§ Task instructions
I would like you to output every record below exactly, apart from the pictures.

§ Data records
§

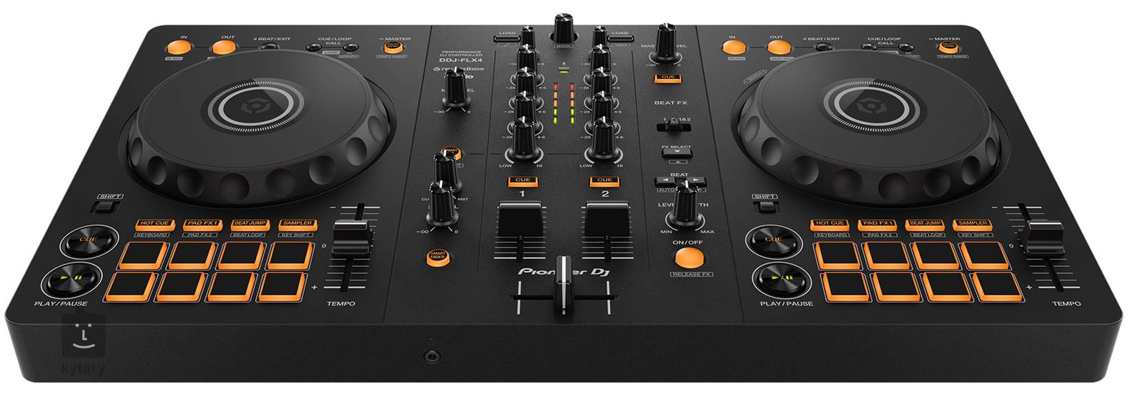 Kontroler má integrovaný 4-kanálový mixážní pult s kvalitními fadery a ovládacími prvky. Můžete snadno mixovat a přepínat mezi různými hudebními stopami, upravovat hlasitost, ekvalizaci a aplikovat efekty. Přední panel je ergonomicky navržen tak, abyste měli snadný přístup ke všem důležitým funkcím a ovládacím prvkům.
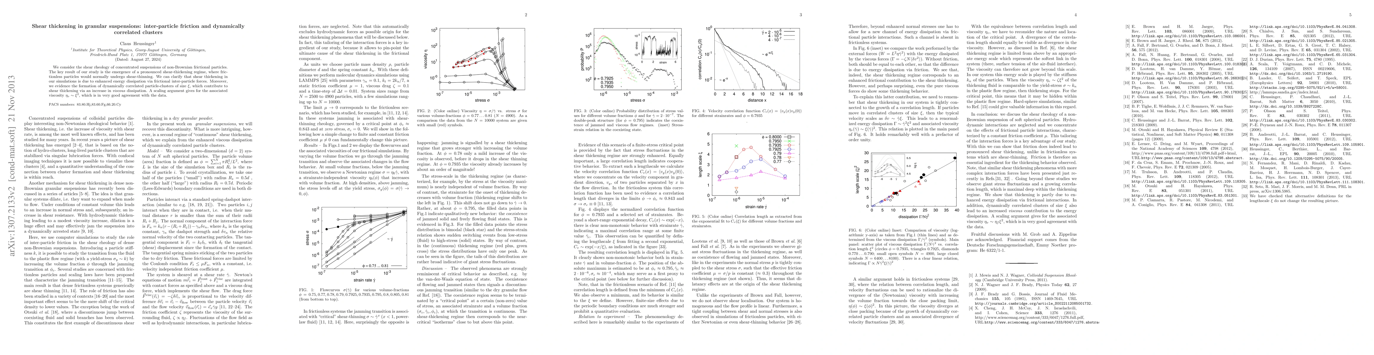 This study investigates the shear rheology of concentrated suspensions of non-Brownian, frictional particles, revealing a shear-thickening regime driven by inter-particle friction and enhanced energy dissipation. The formation of dynamically correlated clusters contributes to shear thickening through increased viscous dissipation, with a scaling relation $\eta\sim \xi^2$ matching experimental data.
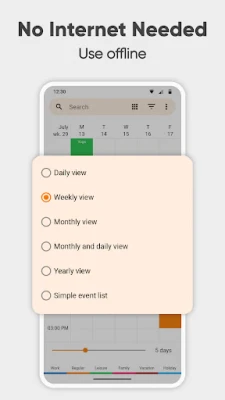 Whether you are looking for a work calendar for business, a day planner, an appointment scheduler, or organization and scheduling of single and recurring events like birthdays, anniversary, appointment reminder, or anything else, Simple Calendar 2023 makes it easy to stay organized. The calendar widget has an incredible variety of customization options: customize event reminders, notification appearance, tiny calendar reminders widget, and overall appearance.
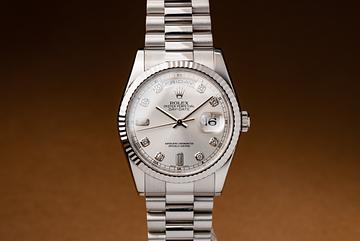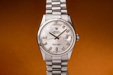 2004 Rolex 18K WG Day-Date 118239A Silver Meteorite Coffin Dial
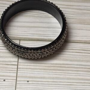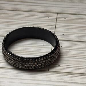 Elegant black bangle adorned with sparkling silver rhinestones. Perfect for adding a touch of glamour.
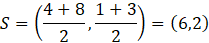 Stwórz układ równań, z którego wyznacz punkty przecięcia prostej z parabolą. Następnie znajdź środek odcinka AB i oblicz odległość d między wierzchołkiem tej paraboli, a wyznaczonym środkiem S.
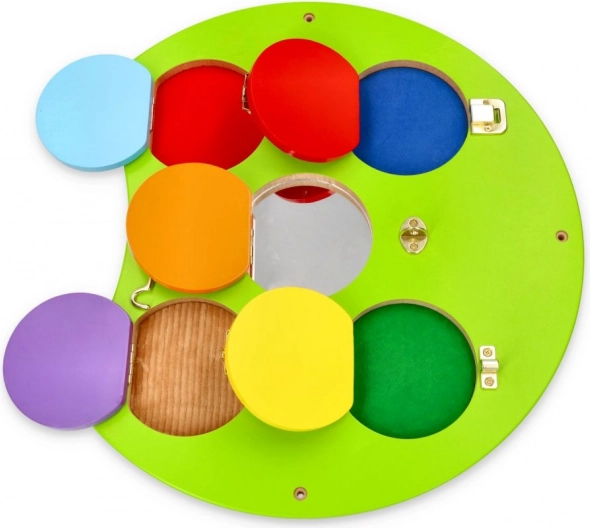 Εξερευνήστε έναν κόσμο γεμάτο χρώματα με αυτή την επιτοίχια σύνθεση σε σχήμα κάμπιας. Περιλαμβάνει πέντε διαδραστικά τμήματα που επιτρέπουν στα παιδιά να μαθαίνουν μέσα από το παιχνίδι και να αναπτύσσουν διάφορες δεξιότητες:
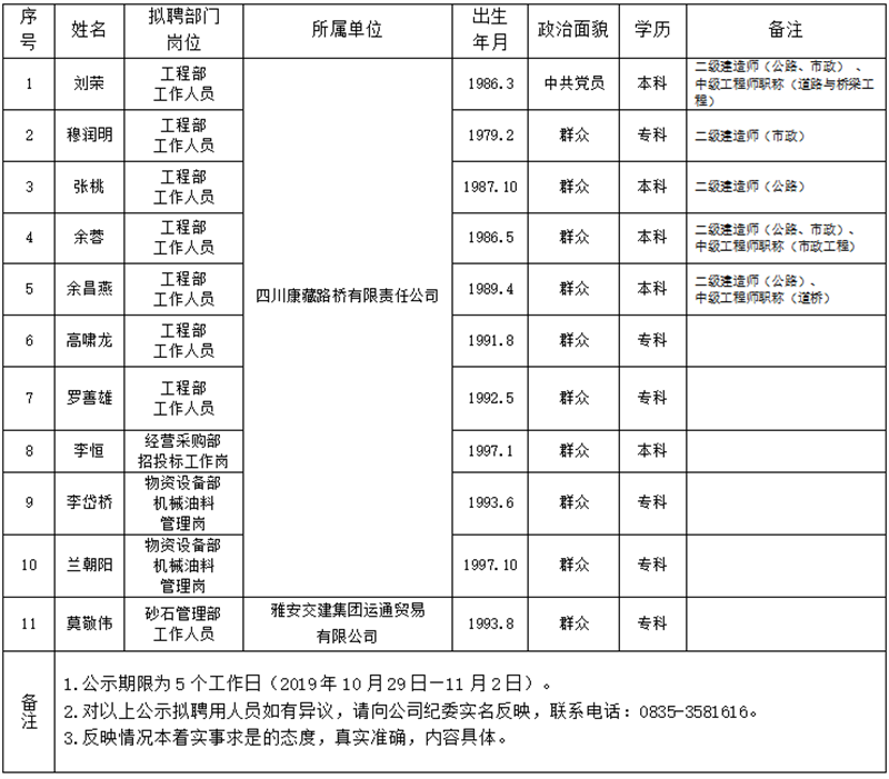 雅安交建集團關(guān)于公開招聘所屬子公司班子成員的公告(路橋公司)
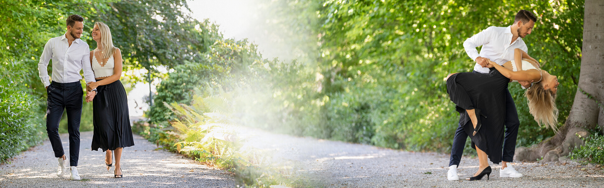Ihre Verlobungsfotos sind nicht nur eine Erinnerung an die Zeit vor der Trauung. Sie helfen Ihnen auch bei der Vorbereitung Ihrer Hochzeit. Verwenden Sie die Bilder vom Verlobungs-Fotoshooting zum Beispiel auf Ihren Hochzeitseinladungen, bei deren Gestaltung wir Ihnen ebenfalls behilflich sind auf Ihren ausdrücklichen Wunsch. Doch wie entscheide ich mich für die geeignete Kleiderwahl bei der Fotosession? Beim Verlobungsshooting sollten Sie sich rundum wohlfühlen und daher in Ihren Lieblingsalltagskleider erscheinen. Denn das Vorshooting ist wichtig für die weitere harmonisierende Zusammenarbeit im Team und das baldige darauffolgende Hochzeitsshooting. Den Ort in der Natur für die Fotosession bestimmen Sie als Liebespaar. Wählen Sie den Ort aus, den Sie als Paar verbindet. So fühlen Sie sich gleich viel wohler.
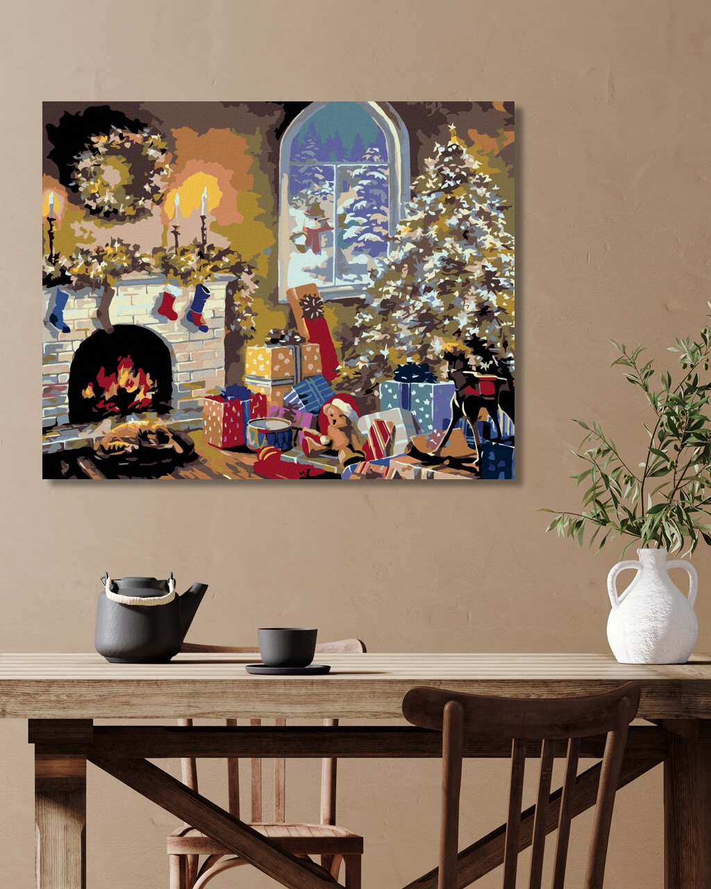 Maľovanie podľa čísel - KOZUB A VIANOČNÝ STROMČEK S DARČEKMI
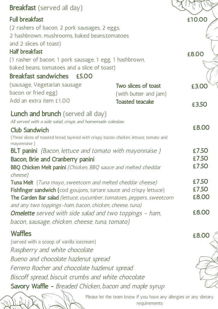 Outside of the Cafe Bar opening times the Garden Bar still serves Coffee (Shropshire coffee), Iced coffee, hot chocolate and hot chocolate with cream or Bailey's.
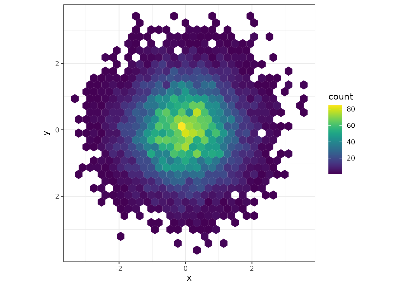ggplot(data.frame(x = rnorm(10000), y = rnorm(10000)), aes(x = x, y = y)) +
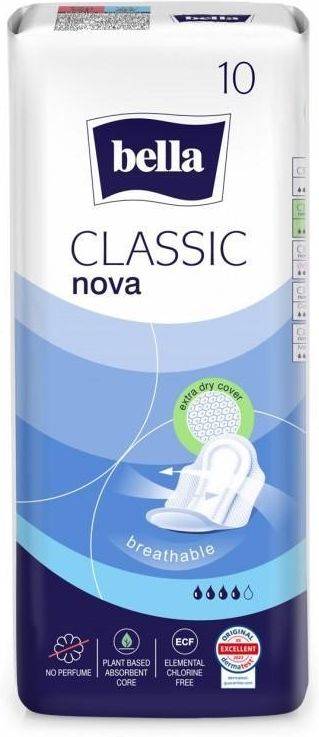 Opis Klasyczne podpaski higieniczne Bella Classic Nova o tradycyjnej grubości zapewniają poczucie świeżości i komfortu w każdej sytuacji. Cechy produktu chłonność: 4/5 kształt: regularny grubość: 7 mm pokrycie: siateczka z osłonkami bocznymi oddychające bezzapachowe bez zawartości lateksu testowane dermatologicznie
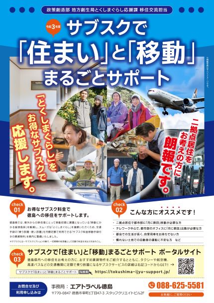 県外からの移住者にとって移動初期に課題となっている「移動にかかる経済負担」を軽減し、スムーズな「とくしまぐらし」を満喫いただくため、交通手段の「乗り放題・使い放題」を月額定額で利用できる「サブスク料金移動手段付きの賃貸物件」を県内に整備いたしました。

§

§ Solution
 Kontroler má integrovaný 4-kanálový mixážní pult s kvalitními fadery a ovládacími prvky. Můžete snadno mixovat a přepínat mezi různými hudebními stopami, upravovat hlasitost, ekvalizaci a aplikovat efekty. Přední panel je ergonomicky navržen tak, abyste měli snadný přístup ke všem důležitým funkcím a ovládacím prvkům.
 This study investigates the shear rheology of concentrated suspensions of non-Brownian, frictional particles, revealing a shear-thickening regime driven by inter-particle friction and enhanced energy dissipation. The formation of dynamically correlated clusters contributes to shear thickening through increased viscous dissipation, with a scaling relation $\eta\sim \xi^2$ matching experimental data.
 Whether you are looking for a work calendar for business, a day planner, an appointment scheduler, or organization and scheduling of single and recurring events like birthdays, anniversary, appointment reminder, or anything else, Simple Calendar 2023 makes it easy to stay organized. The calendar widget has an incredible variety of customization options: customize event reminders, notification appearance, tiny calendar reminders widget, and overall appearance.
 2004 Rolex 18K WG Day-Date 118239A Silver Meteorite Coffin Dial
 Elegant black bangle adorned with sparkling silver rhinestones. Perfect for adding a touch of glamour.
 Stwórz układ równań, z którego wyznacz punkty przecięcia prostej z parabolą. Następnie znajdź środek odcinka AB i oblicz odległość d między wierzchołkiem tej paraboli, a wyznaczonym środkiem S.
 Εξερευνήστε έναν κόσμο γεμάτο χρώματα με αυτή την επιτοίχια σύνθεση σε σχήμα κάμπιας. Περιλαμβάνει πέντε διαδραστικά τμήματα που επιτρέπουν στα παιδιά να μαθαίνουν μέσα από το παιχνίδι και να αναπτύσσουν διάφορες δεξιότητες:
 雅安交建集團關(guān)于公開招聘所屬子公司班子成員的公告(路橋公司)
Ihre Verlobungsfotos sind nicht nur eine Erinnerung an die Zeit vor der Trauung. Sie helfen Ihnen auch bei der Vorbereitung Ihrer Hochzeit. Verwenden Sie die Bilder vom Verlobungs-Fotoshooting zum Beispiel auf Ihren Hochzeitseinladungen, bei deren Gestaltung wir Ihnen ebenfalls behilflich sind auf Ihren ausdrücklichen Wunsch. Doch wie entscheide ich mich für die geeignete Kleiderwahl bei der Fotosession? Beim Verlobungsshooting sollten Sie sich rundum wohlfühlen und daher in Ihren Lieblingsalltagskleider erscheinen. Denn das Vorshooting ist wichtig für die weitere harmonisierende Zusammenarbeit im Team und das baldige darauffolgende Hochzeitsshooting. Den Ort in der Natur für die Fotosession bestimmen Sie als Liebespaar. Wählen Sie den Ort aus, den Sie als Paar verbindet. So fühlen Sie sich gleich viel wohler.
 Maľovanie podľa čísel - KOZUB A VIANOČNÝ STROMČEK S DARČEKMI
 Outside of the Cafe Bar opening times the Garden Bar still serves Coffee (Shropshire coffee), Iced coffee, hot chocolate and hot chocolate with cream or Bailey's.
ggplot(data.frame(x = rnorm(10000), y = rnorm(10000)), aes(x = x, y = y)) +
 Opis Klasyczne podpaski higieniczne Bella Classic Nova o tradycyjnej grubości zapewniają poczucie świeżości i komfortu w każdej sytuacji. Cechy produktu chłonność: 4/5 kształt: regularny grubość: 7 mm pokrycie: siateczka z osłonkami bocznymi oddychające bezzapachowe bez zawartości lateksu testowane dermatologicznie
 県外からの移住者にとって移動初期に課題となっている「移動にかかる経済負担」を軽減し、スムーズな「とくしまぐらし」を満喫いただくため、交通手段の「乗り放題・使い放題」を月額定額で利用できる「サブスク料金移動手段付きの賃貸物件」を県内に整備いたしました。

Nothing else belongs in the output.